Wells Fargo Securities and our affiliates provide a full range of investment banking and financial advisory services, securities trading and brokerage services and lending services. In the ordinary course of business, Wells Fargo Securities and our affiliates may hold long or short positions, and may trade or otherwise effect transactions, for our and their own accounts and for the accounts of customers, in the equity, debt and other securities and financial instruments (including bank loans and other obligations) of the Company, Parent and their affiliates, as well as provide investment banking and other financial services to such companies and entities. Wells Fargo Securities and our affiliates, including Wells Fargo Bank, N.A., have in the past provided, may currently be providing and may in the future provide investment banking and other financial services to the Company, Parent and certain of their respective affiliates for which we and our affiliates have received and would expect to receive compensation, including being a lender to the Company pursuant to a revolving credit agreement between the Company and Wells Fargo Bank, N.A. Wells Fargo Securities and our affiliates have adopted policies and procedures designed to preserve the independence of our research and credit analysts whose views may differ from those of the members of the team of investment banking professionals that advised the Company with respect to the Transaction.

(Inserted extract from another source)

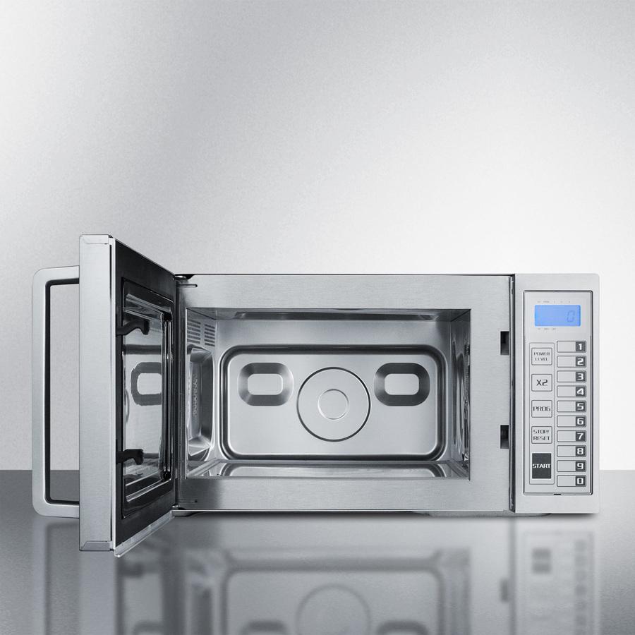 Summit SCM1000SS is a countertop microwave in complete stainless steel. This 1000 watt countertop unit features a robust design for lasting durability. The stainless steel interior has a flat bottom with no turntable, ideal for high usage institutional settings. The SCM1000SS features a complete stainless steel exterior, with an easy-to-grab handle. Digital controls offer multiple power levels for proper cooking. Cooking programs can also be saved for fast one-touch use. This model also includes a programmable child lock and counter function to keep track of how many times the oven has been used. With its durable construction and multiple cooking features, the SCM1000SS is the ideal choice for various applications in need of a mid-sized microwave built to last.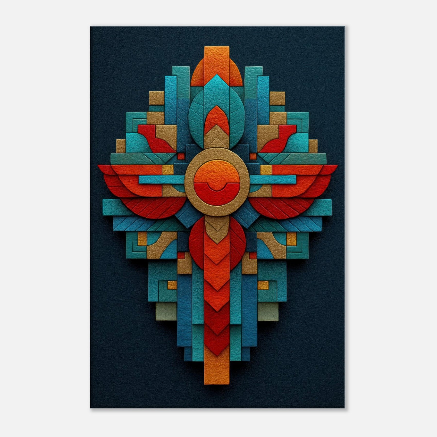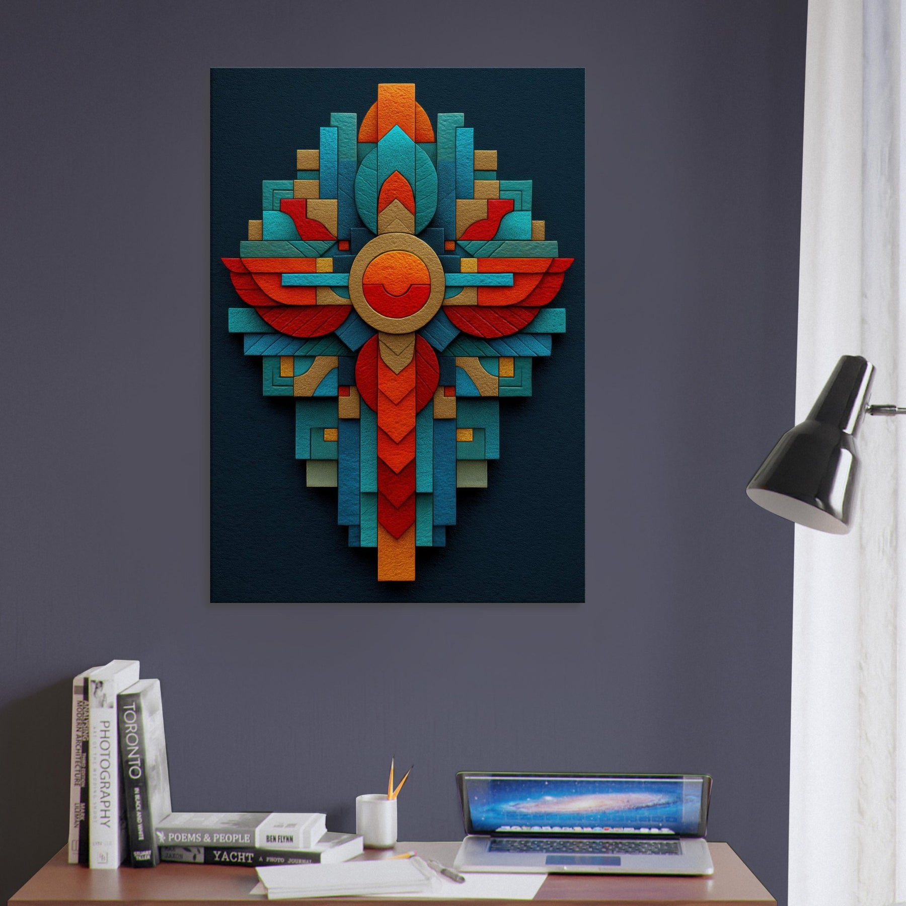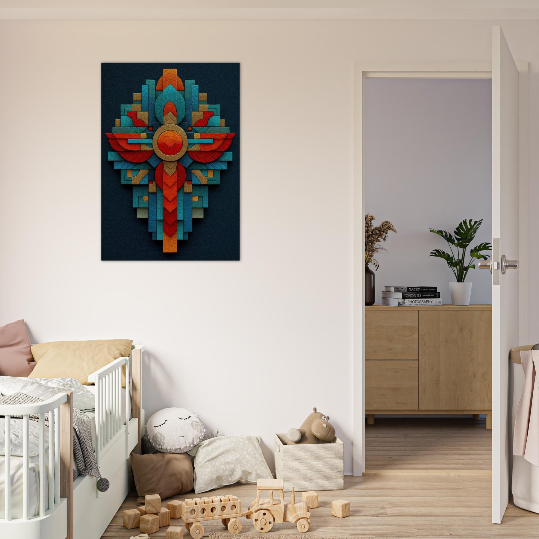 Chakras radiate across a layered, quilted field of color in this abstract composition. The Chakras shimmer in teal, coral, and gold, guiding the eye toward a centered glow that feels like a heartbeat in a quiet room. The piece conjures a meditative hush soft edges, crisp angles, and velvety shadows that deepen a corner or above a sofa. Hang it to invite a sense of balance, warmth, and movement, turning everyday living spaces into a sanctuary of energy and calm.

It is understood that this opinion is for the information and use of the Board of Directors of the Company (in its capacity as such) in connection with its evaluation of the Transaction and should not be construed as creating, and Wells Fargo Securities shall not be deemed to have, any fiduciary duty to the Board of Directors of the Company, the Company, any security holder or creditor of the Company or any other person, regardless of any prior or ongoing advice or relationships. Our opinion may not be disclosed, summarized, excerpted from, or otherwise publicly referred to without our prior written consent.

Based upon and subject to the foregoing, it is our opinion that, as of the date hereof, the Per Share Consideration to be received by the Unaffiliated Shareholders in the Transaction pursuant to the Agreement is fair, from a financial point of view, to such holders.